Exercise objective: The full listing is to be returned exactly as given, but without pictures.

Source material:
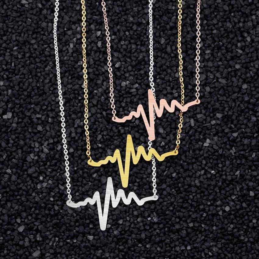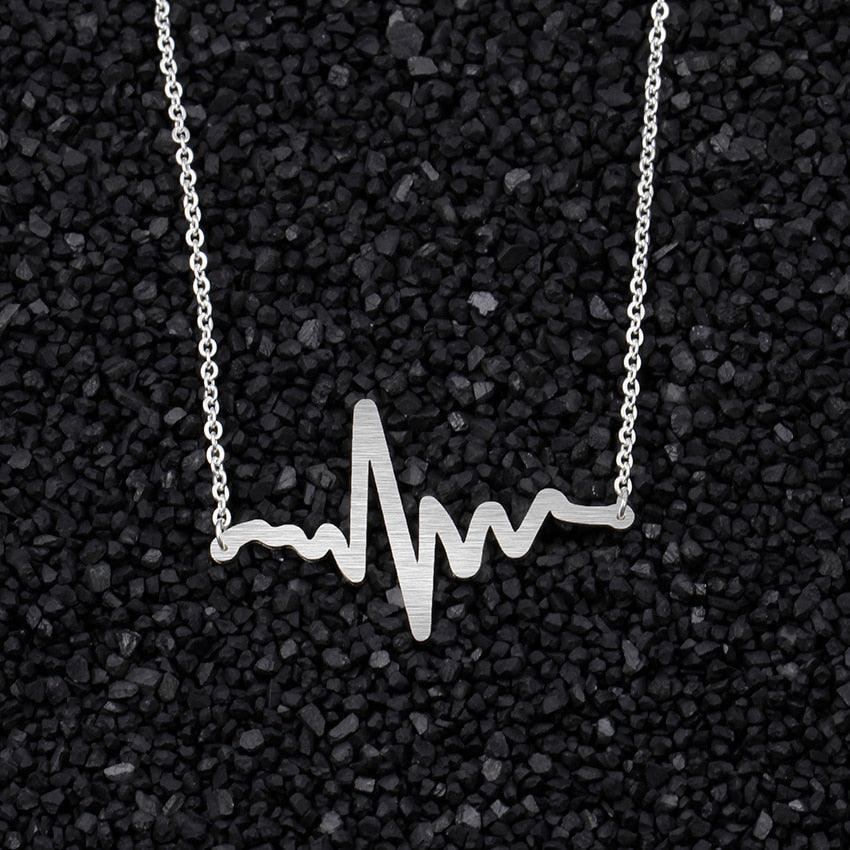 Heartbeat Wave EKG Pendant Necklace in Premium Stainless Steel with Three Elegant Finishes
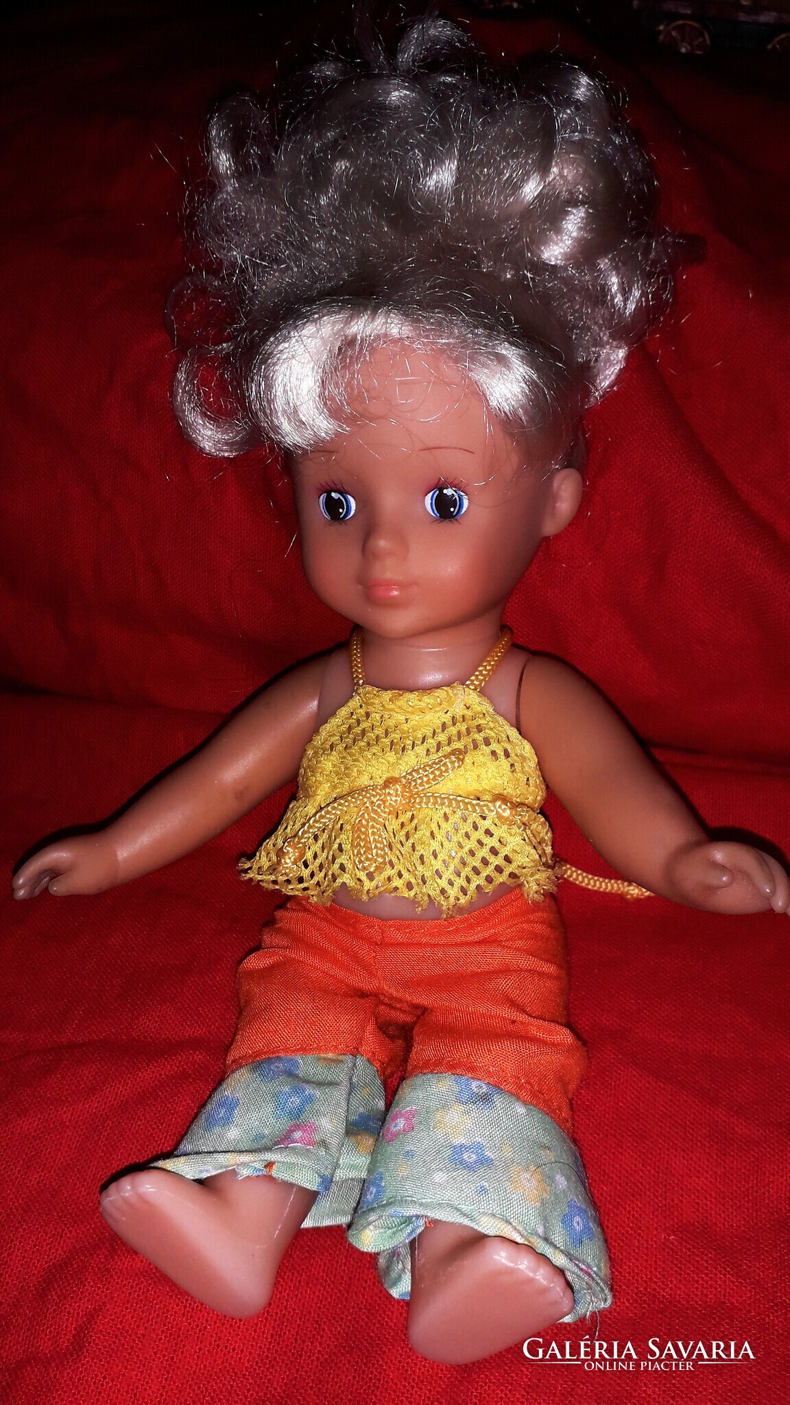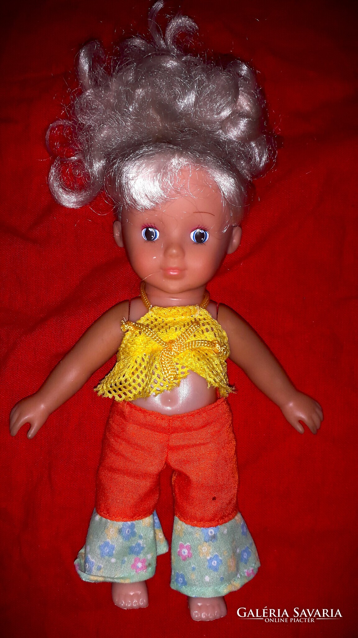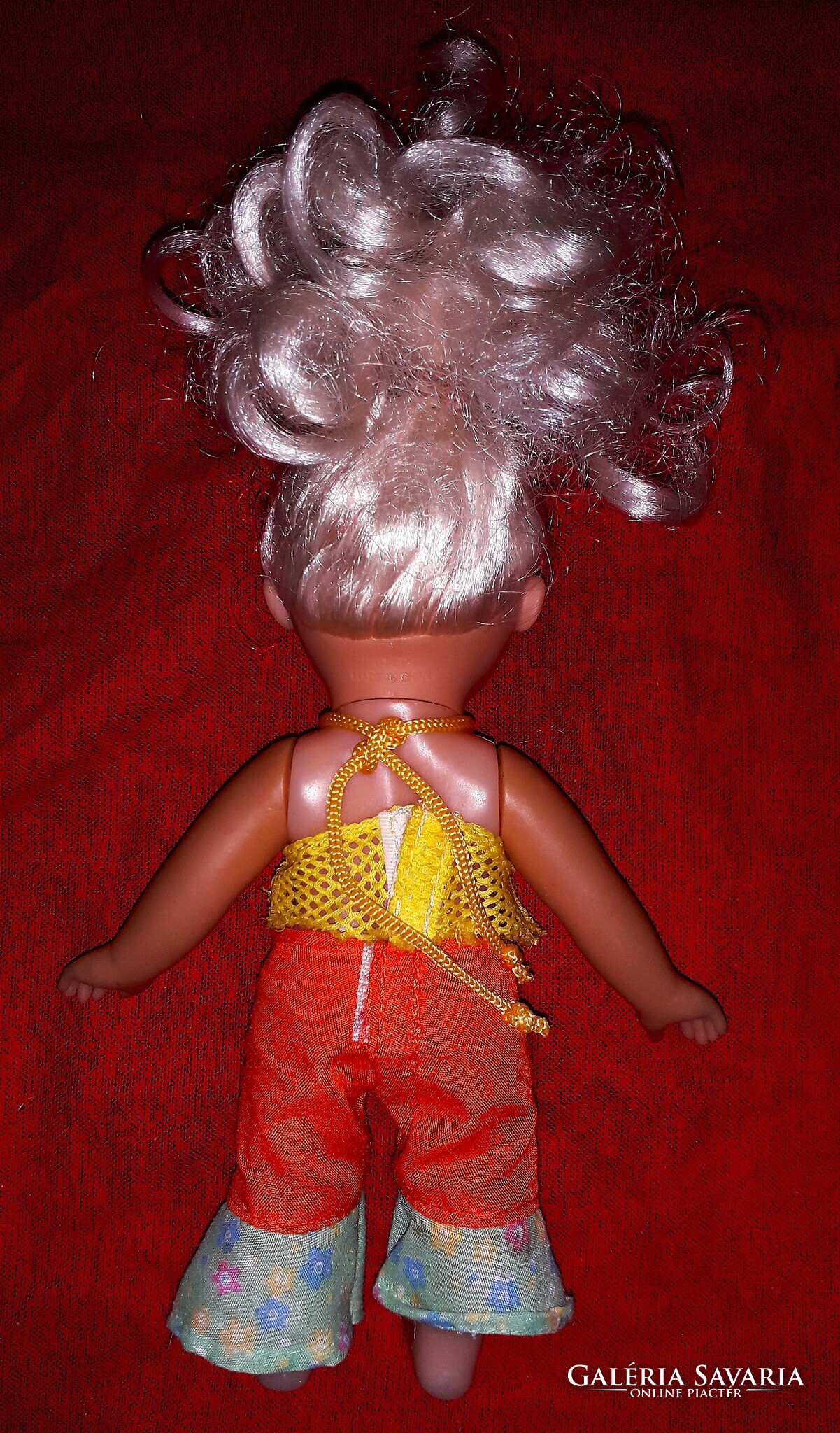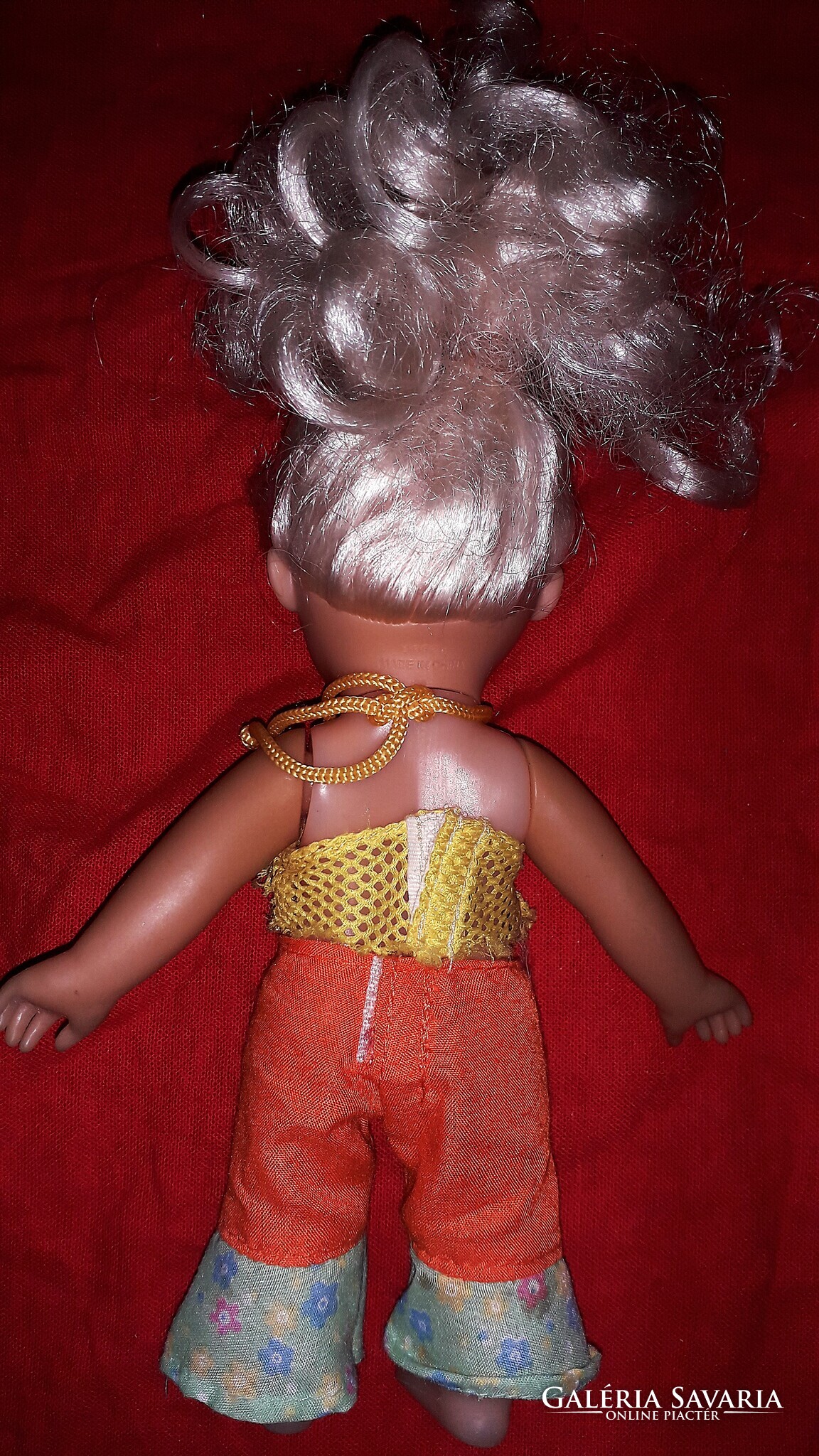 Régi német ültethető plasztik játék hajas baba modern ruházatban szép állapot 24 cm a képek szerint
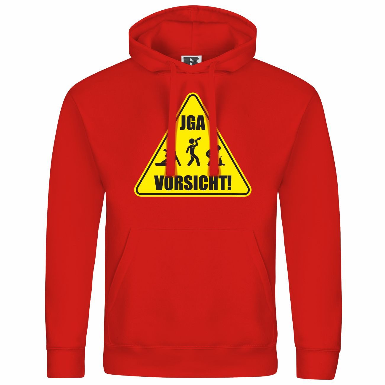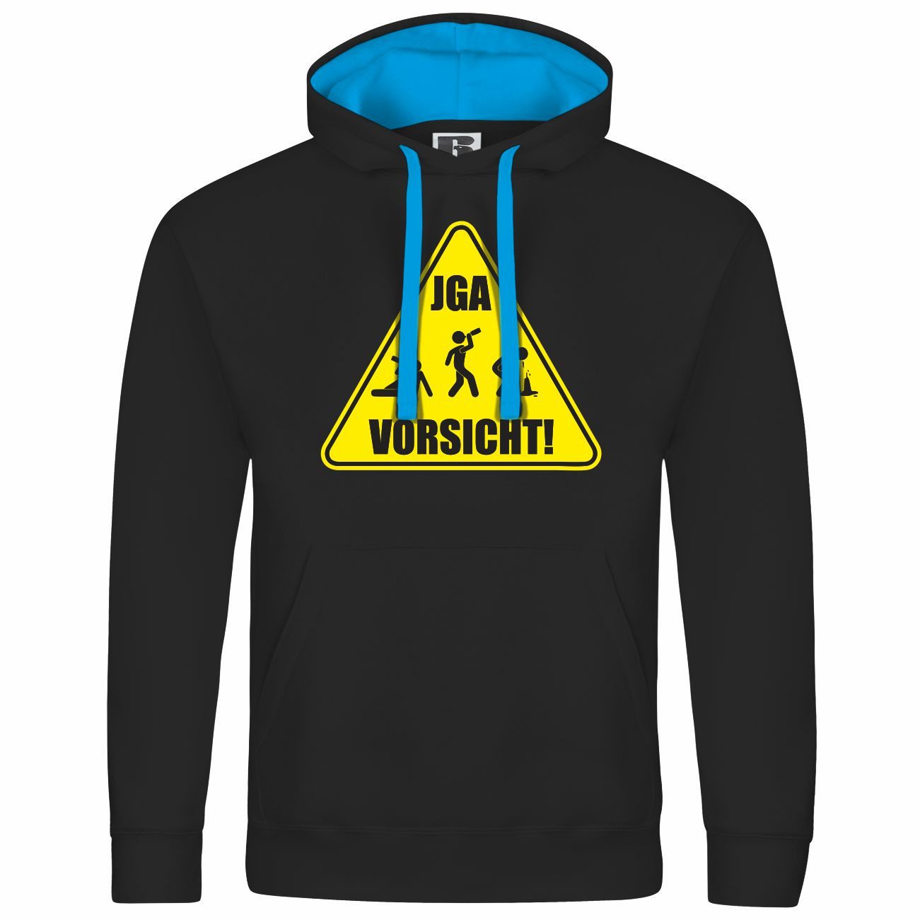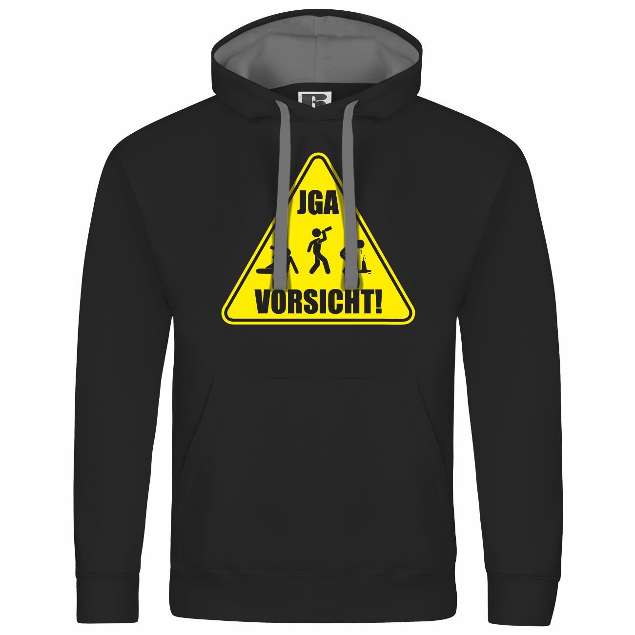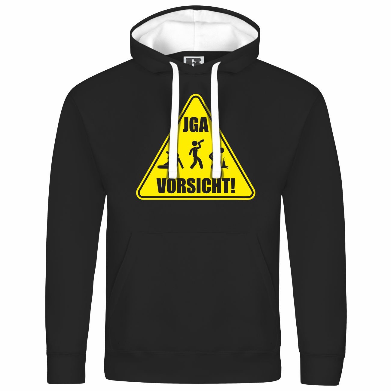Das Motiv auf diesem Kapuzenpullover zeigt ein gelbes Warnschild mit der Aufschrift "JGA VORSICHT!". Piktogramme symbolisieren typische Party- und Trinkaktionen – perfekt für den Junggesellenabschied!

Answer to this problem:
 Heartbeat Wave EKG Pendant Necklace in Premium Stainless Steel with Three Elegant Finishes
 Régi német ültethető plasztik játék hajas baba modern ruházatban szép állapot 24 cm a képek szerint
Das Motiv auf diesem Kapuzenpullover zeigt ein gelbes Warnschild mit der Aufschrift "JGA VORSICHT!". Piktogramme symbolisieren typische Party- und Trinkaktionen – perfekt für den Junggesellenabschied!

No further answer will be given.